- TASK GOAL -
Within the records that follow, restate exactly the lines from the line with "身着外套、帽子和长靴的秀贤高" down to the line with "Como fazer: a", including both. Omit the pictures.

- EXERCISE DATA -
————

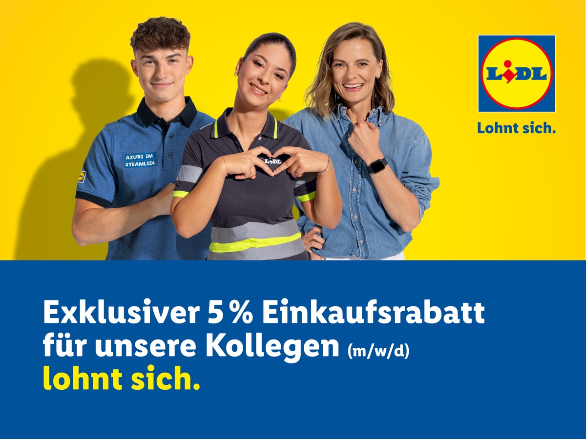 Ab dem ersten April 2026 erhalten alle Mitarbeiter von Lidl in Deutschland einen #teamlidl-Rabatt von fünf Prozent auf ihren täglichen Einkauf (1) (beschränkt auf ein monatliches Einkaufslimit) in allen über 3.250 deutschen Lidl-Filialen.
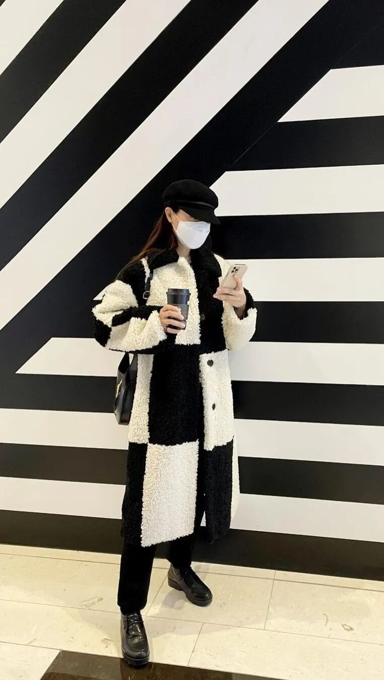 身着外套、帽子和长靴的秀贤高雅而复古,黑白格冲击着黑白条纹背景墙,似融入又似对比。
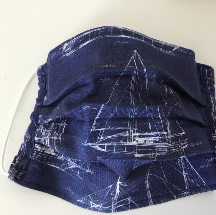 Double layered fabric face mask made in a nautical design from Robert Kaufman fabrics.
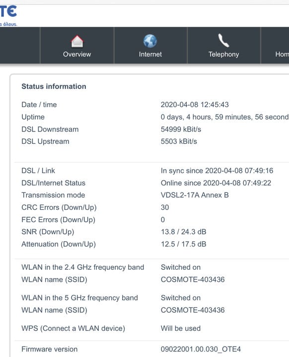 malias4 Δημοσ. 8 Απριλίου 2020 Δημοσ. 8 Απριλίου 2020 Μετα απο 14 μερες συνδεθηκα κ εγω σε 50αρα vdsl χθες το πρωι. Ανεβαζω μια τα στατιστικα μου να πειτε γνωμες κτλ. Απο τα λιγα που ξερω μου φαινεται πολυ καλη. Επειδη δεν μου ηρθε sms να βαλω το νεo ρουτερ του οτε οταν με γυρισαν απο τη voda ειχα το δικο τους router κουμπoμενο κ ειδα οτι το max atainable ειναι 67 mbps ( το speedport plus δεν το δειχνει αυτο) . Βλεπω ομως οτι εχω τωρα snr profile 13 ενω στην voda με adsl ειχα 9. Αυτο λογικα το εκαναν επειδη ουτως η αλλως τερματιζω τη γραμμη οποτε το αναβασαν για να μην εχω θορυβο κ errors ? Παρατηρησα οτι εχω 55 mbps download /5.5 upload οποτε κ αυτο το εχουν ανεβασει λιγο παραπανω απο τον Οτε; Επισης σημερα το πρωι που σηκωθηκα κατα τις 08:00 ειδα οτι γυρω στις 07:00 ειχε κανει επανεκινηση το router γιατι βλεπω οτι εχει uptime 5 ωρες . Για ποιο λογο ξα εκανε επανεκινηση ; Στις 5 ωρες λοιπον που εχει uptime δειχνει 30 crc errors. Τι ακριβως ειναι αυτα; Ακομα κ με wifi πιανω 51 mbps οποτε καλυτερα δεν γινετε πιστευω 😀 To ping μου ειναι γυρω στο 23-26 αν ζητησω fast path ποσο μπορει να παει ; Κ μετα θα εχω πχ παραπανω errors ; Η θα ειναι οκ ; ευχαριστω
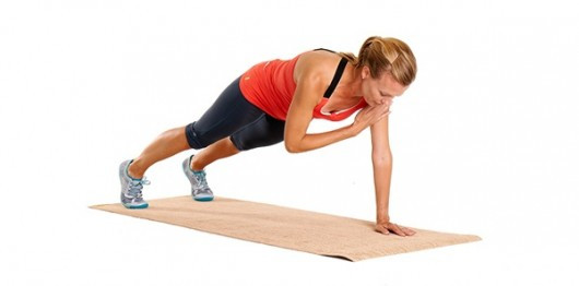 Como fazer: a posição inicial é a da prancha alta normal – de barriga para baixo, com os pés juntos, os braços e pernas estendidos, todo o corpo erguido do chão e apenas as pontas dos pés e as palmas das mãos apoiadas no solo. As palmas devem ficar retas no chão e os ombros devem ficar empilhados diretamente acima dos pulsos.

————

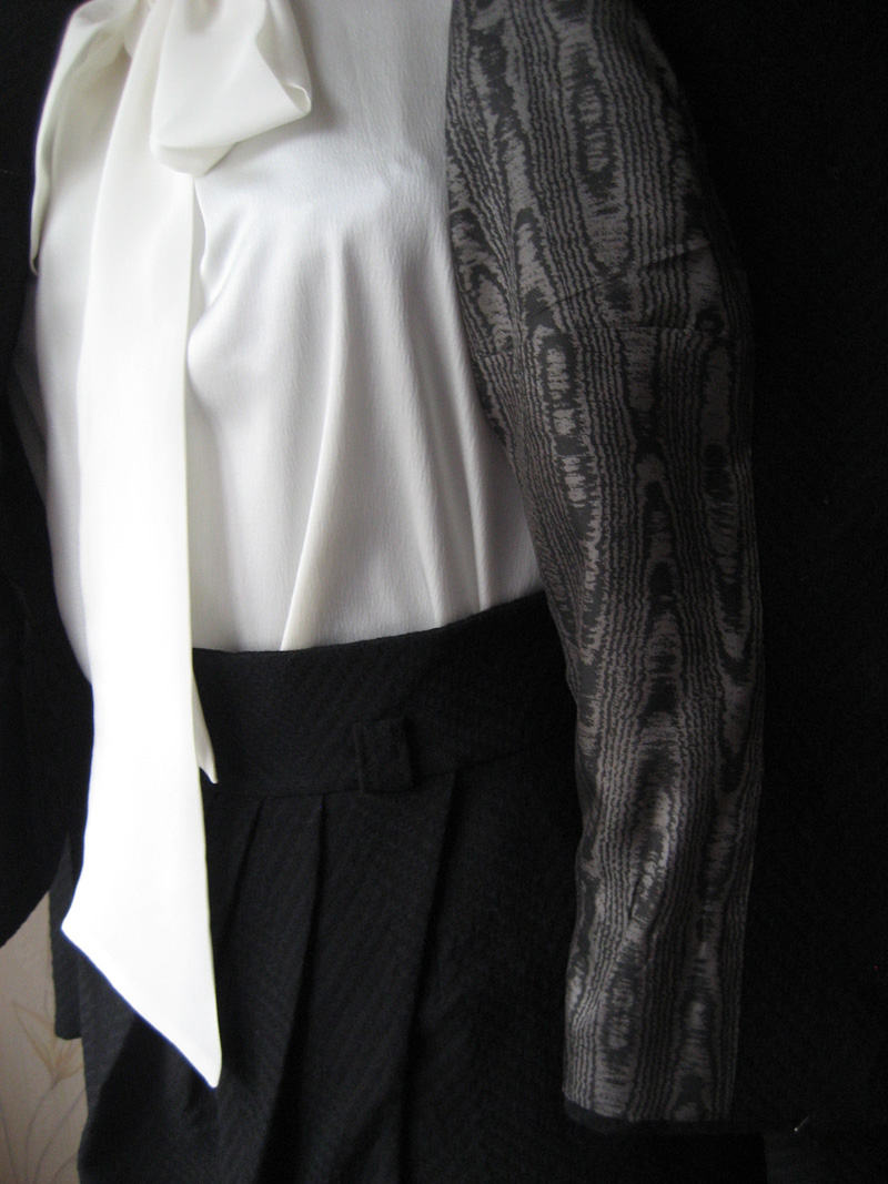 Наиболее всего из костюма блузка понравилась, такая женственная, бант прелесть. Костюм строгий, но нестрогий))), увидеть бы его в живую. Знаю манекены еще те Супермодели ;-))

————

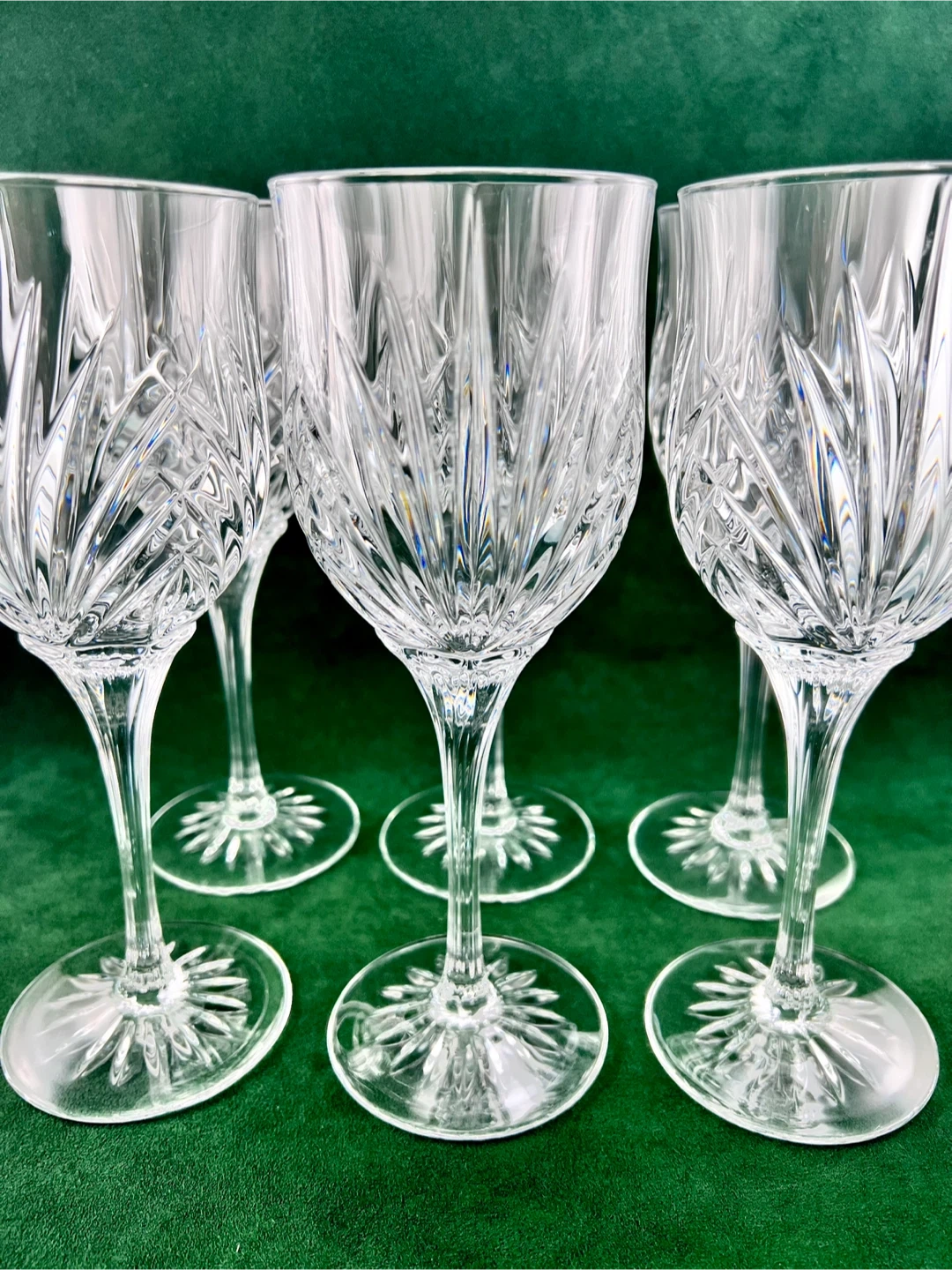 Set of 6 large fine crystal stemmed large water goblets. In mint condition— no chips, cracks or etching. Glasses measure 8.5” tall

————

- ANSWER TO THIS EXERCISE -
 身着外套、帽子和长靴的秀贤高雅而复古,黑白格冲击着黑白条纹背景墙,似融入又似对比。
 Double layered fabric face mask made in a nautical design from Robert Kaufman fabrics.
 malias4 Δημοσ. 8 Απριλίου 2020 Δημοσ. 8 Απριλίου 2020 Μετα απο 14 μερες συνδεθηκα κ εγω σε 50αρα vdsl χθες το πρωι. Ανεβαζω μια τα στατιστικα μου να πειτε γνωμες κτλ. Απο τα λιγα που ξερω μου φαινεται πολυ καλη. Επειδη δεν μου ηρθε sms να βαλω το νεo ρουτερ του οτε οταν με γυρισαν απο τη voda ειχα το δικο τους router κουμπoμενο κ ειδα οτι το max atainable ειναι 67 mbps ( το speedport plus δεν το δειχνει αυτο) . Βλεπω ομως οτι εχω τωρα snr profile 13 ενω στην voda με adsl ειχα 9. Αυτο λογικα το εκαναν επειδη ουτως η αλλως τερματιζω τη γραμμη οποτε το αναβασαν για να μην εχω θορυβο κ errors ? Παρατηρησα οτι εχω 55 mbps download /5.5 upload οποτε κ αυτο το εχουν ανεβασει λιγο παραπανω απο τον Οτε; Επισης σημερα το πρωι που σηκωθηκα κατα τις 08:00 ειδα οτι γυρω στις 07:00 ειχε κανει επανεκινηση το router γιατι βλεπω οτι εχει uptime 5 ωρες . Για ποιο λογο ξα εκανε επανεκινηση ; Στις 5 ωρες λοιπον που εχει uptime δειχνει 30 crc errors. Τι ακριβως ειναι αυτα; Ακομα κ με wifi πιανω 51 mbps οποτε καλυτερα δεν γινετε πιστευω 😀 To ping μου ειναι γυρω στο 23-26 αν ζητησω fast path ποσο μπορει να παει ; Κ μετα θα εχω πχ παραπανω errors ; Η θα ειναι οκ ; ευχαριστω
 Como fazer: a posição inicial é a da prancha alta normal – de barriga para baixo, com os pés juntos, os braços e pernas estendidos, todo o corpo erguido do chão e apenas as pontas dos pés e as palmas das mãos apoiadas no solo. As palmas devem ficar retas no chão e os ombros devem ficar empilhados diretamente acima dos pulsos.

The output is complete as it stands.